____ Data extracts

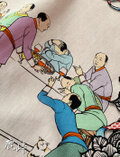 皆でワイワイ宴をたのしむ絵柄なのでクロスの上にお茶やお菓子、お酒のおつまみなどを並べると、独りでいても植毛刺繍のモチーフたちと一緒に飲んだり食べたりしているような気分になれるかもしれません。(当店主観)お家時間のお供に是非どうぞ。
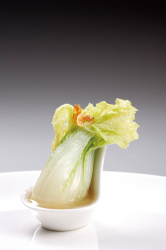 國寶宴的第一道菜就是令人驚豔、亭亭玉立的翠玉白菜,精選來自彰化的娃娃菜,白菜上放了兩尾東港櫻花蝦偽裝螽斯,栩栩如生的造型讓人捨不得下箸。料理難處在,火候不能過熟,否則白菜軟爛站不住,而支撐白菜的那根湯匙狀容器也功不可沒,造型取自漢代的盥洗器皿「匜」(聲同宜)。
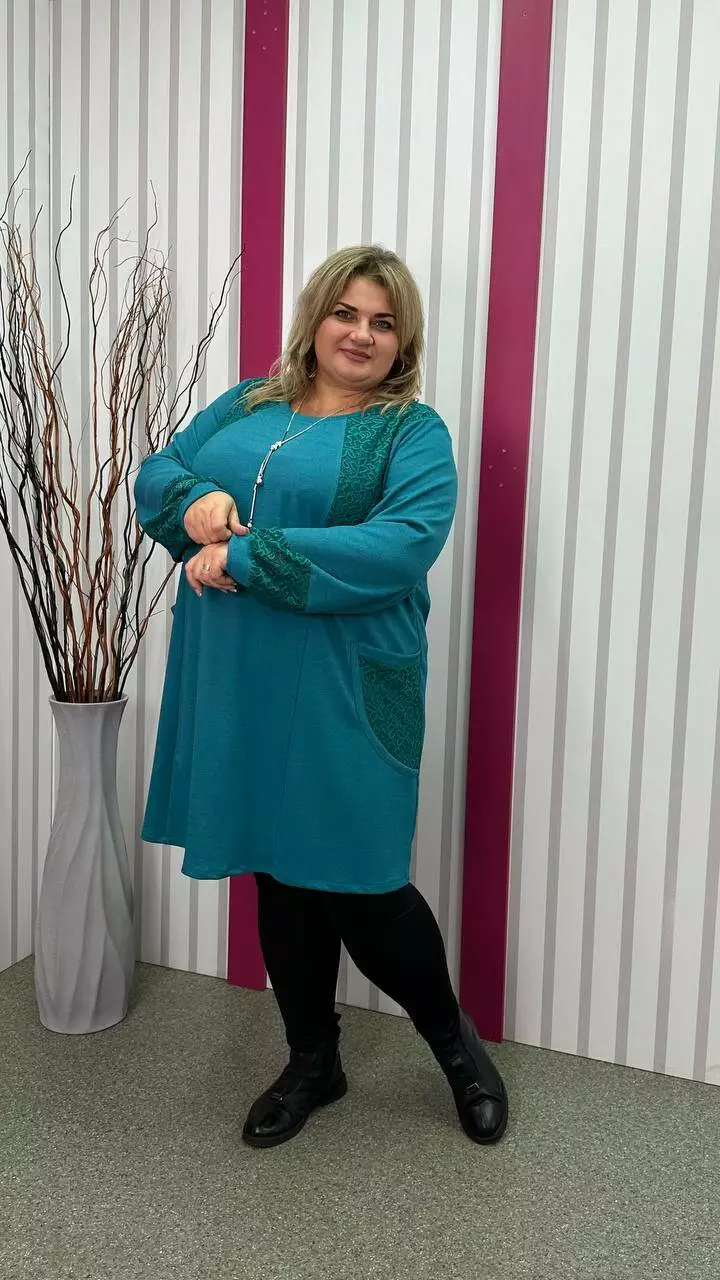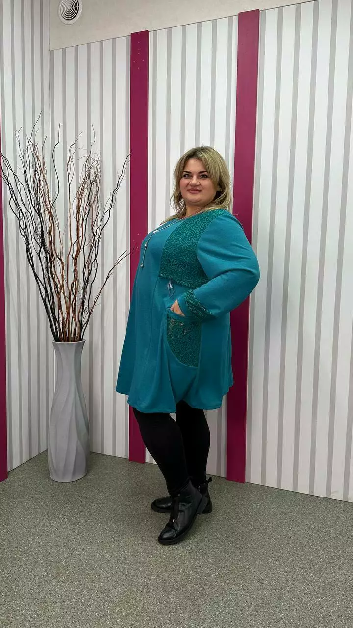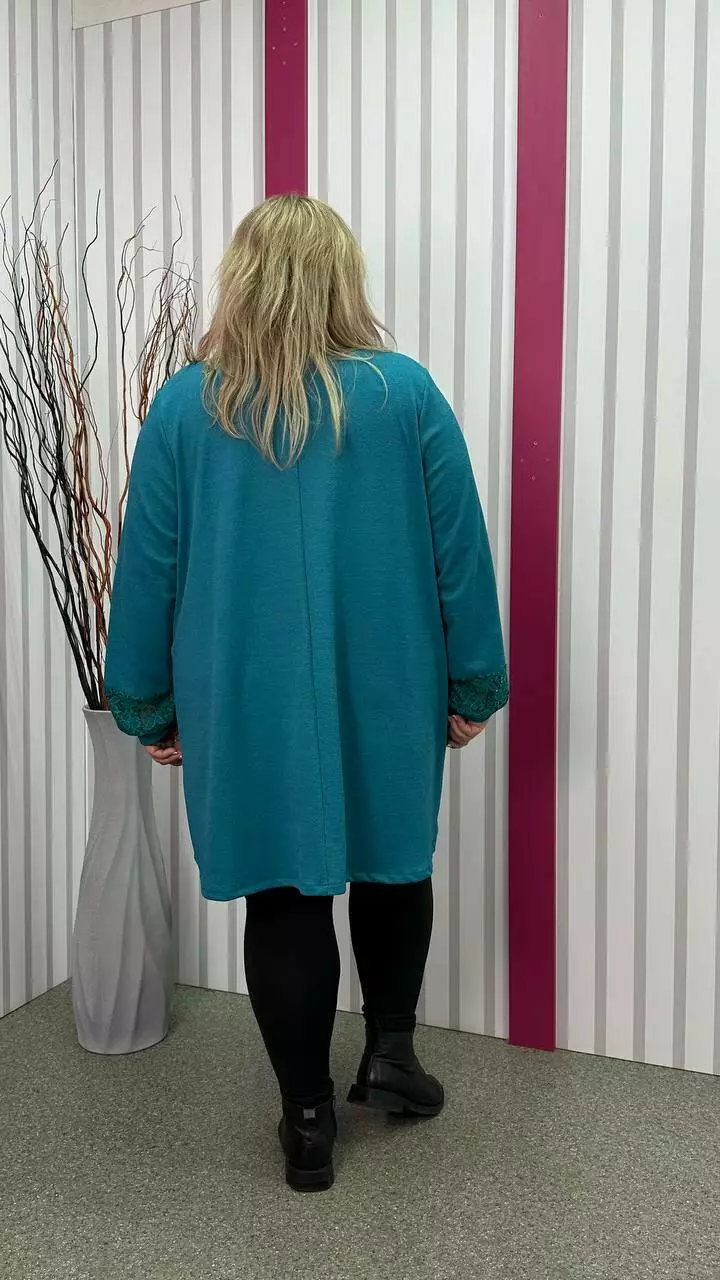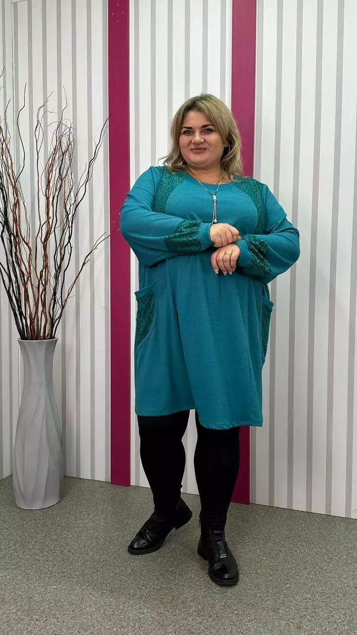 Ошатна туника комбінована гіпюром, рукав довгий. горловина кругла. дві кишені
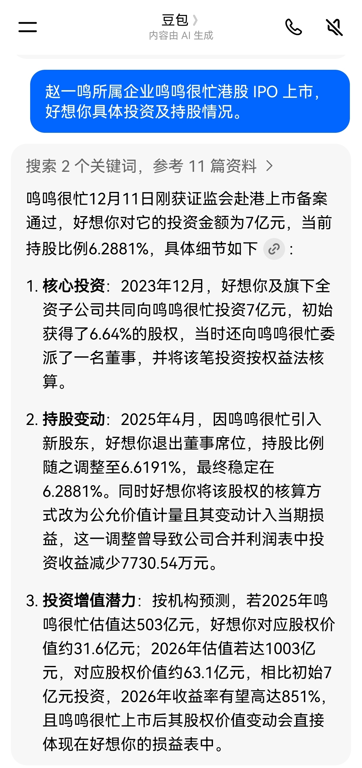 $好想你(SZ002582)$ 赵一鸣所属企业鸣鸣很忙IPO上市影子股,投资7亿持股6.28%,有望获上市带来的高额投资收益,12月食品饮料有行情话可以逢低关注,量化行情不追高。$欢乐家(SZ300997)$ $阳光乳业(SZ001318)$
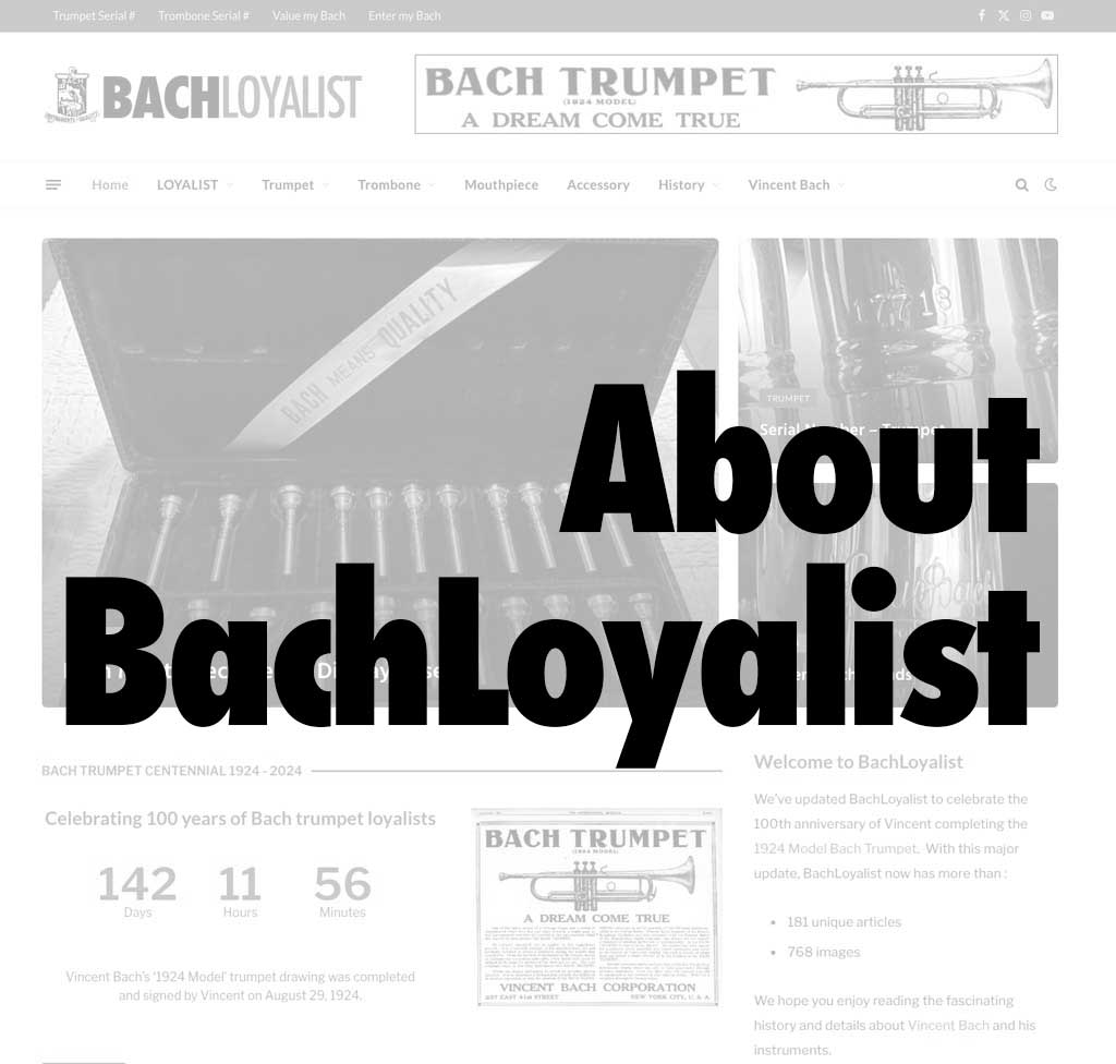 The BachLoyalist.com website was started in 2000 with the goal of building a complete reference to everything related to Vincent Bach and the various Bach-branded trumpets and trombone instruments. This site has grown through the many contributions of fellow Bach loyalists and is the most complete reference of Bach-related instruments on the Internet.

________
____ Data extracts

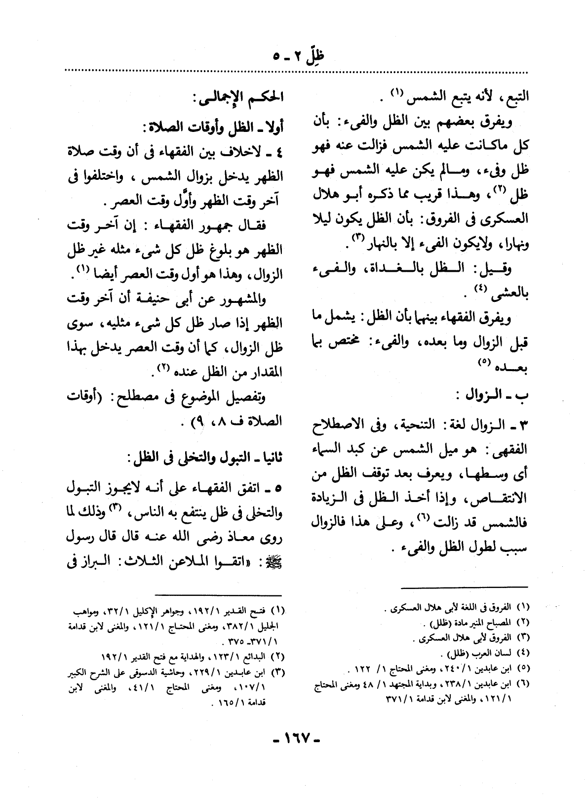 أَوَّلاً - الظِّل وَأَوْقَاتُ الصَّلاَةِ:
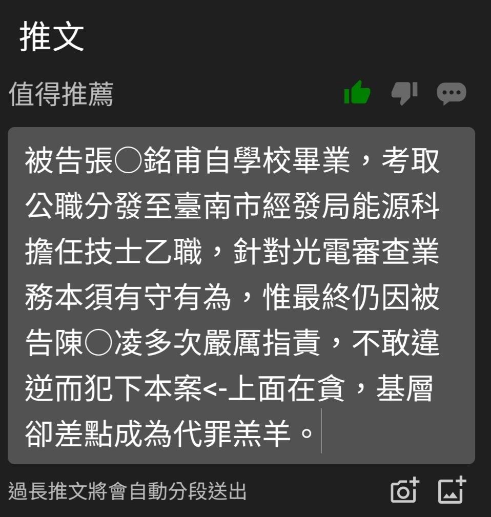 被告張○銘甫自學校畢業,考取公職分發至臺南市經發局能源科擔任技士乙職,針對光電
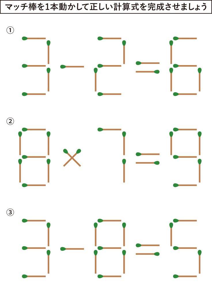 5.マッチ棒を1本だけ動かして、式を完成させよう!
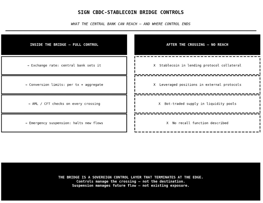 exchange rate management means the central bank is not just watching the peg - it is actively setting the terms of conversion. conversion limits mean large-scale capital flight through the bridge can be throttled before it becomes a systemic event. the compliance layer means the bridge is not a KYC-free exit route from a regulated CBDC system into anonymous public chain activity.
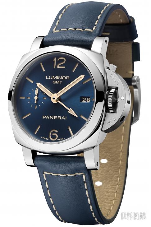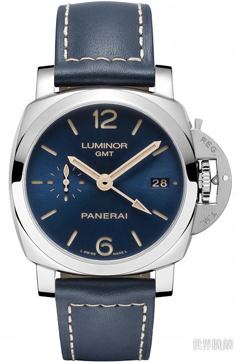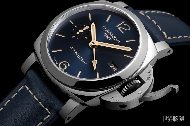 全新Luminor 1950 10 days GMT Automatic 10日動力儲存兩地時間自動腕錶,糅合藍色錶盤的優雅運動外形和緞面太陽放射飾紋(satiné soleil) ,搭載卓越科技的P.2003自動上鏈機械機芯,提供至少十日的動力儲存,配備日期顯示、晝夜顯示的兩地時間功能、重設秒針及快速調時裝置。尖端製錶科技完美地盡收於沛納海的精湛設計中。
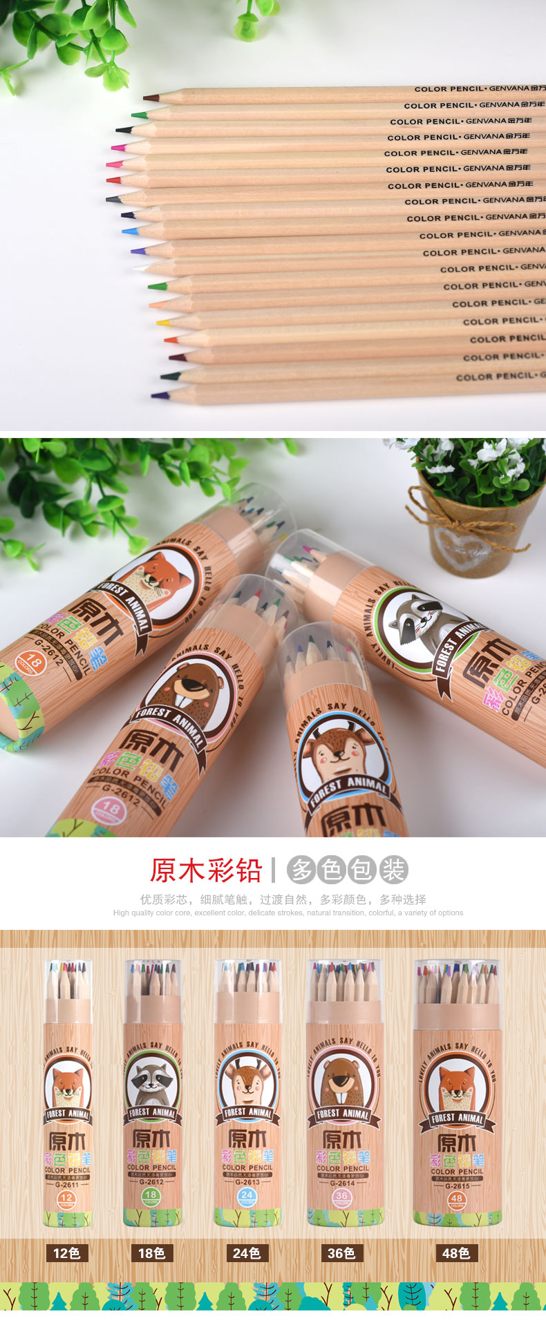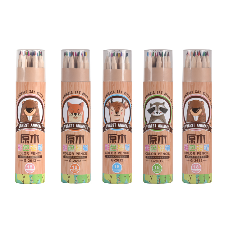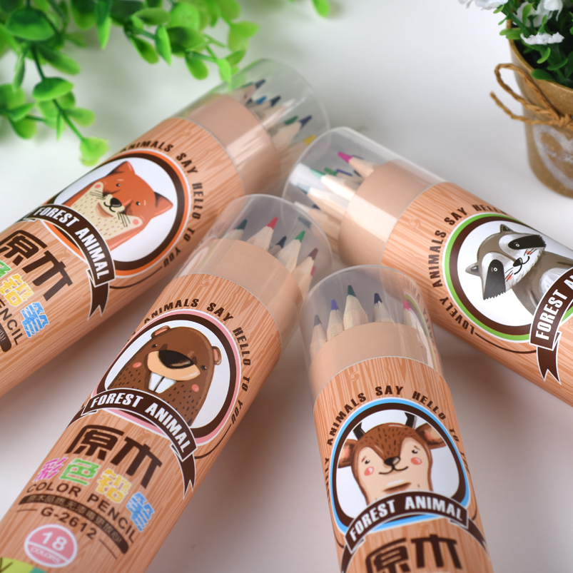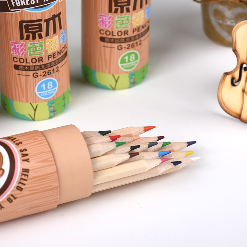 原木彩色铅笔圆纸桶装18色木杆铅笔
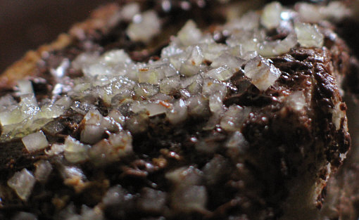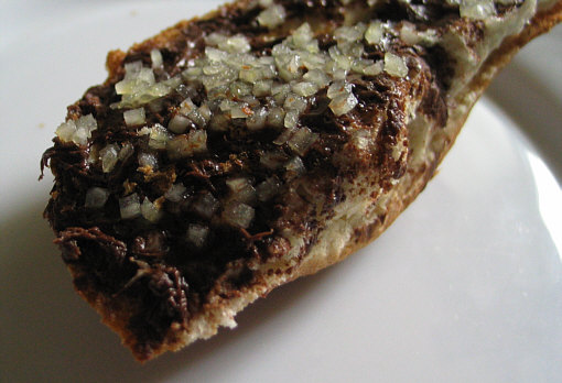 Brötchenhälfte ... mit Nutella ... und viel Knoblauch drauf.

________

_Task requirements_
Although the records above contain pictures, the copy must not; set down exactly the lines from the one with "5.マッチ棒を1本だけ動かして、式を完成させよう!" up to and including the one with "Brötchenhälfte ... mit".

_Final answer_
 5.マッチ棒を1本だけ動かして、式を完成させよう!
 exchange rate management means the central bank is not just watching the peg - it is actively setting the terms of conversion. conversion limits mean large-scale capital flight through the bridge can be throttled before it becomes a systemic event. the compliance layer means the bridge is not a KYC-free exit route from a regulated CBDC system into anonymous public chain activity.
 全新Luminor 1950 10 days GMT Automatic 10日動力儲存兩地時間自動腕錶,糅合藍色錶盤的優雅運動外形和緞面太陽放射飾紋(satiné soleil) ,搭載卓越科技的P.2003自動上鏈機械機芯,提供至少十日的動力儲存,配備日期顯示、晝夜顯示的兩地時間功能、重設秒針及快速調時裝置。尖端製錶科技完美地盡收於沛納海的精湛設計中。
 原木彩色铅笔圆纸桶装18色木杆铅笔
 Brötchenhälfte ... mit Nutella ... und viel Knoblauch drauf.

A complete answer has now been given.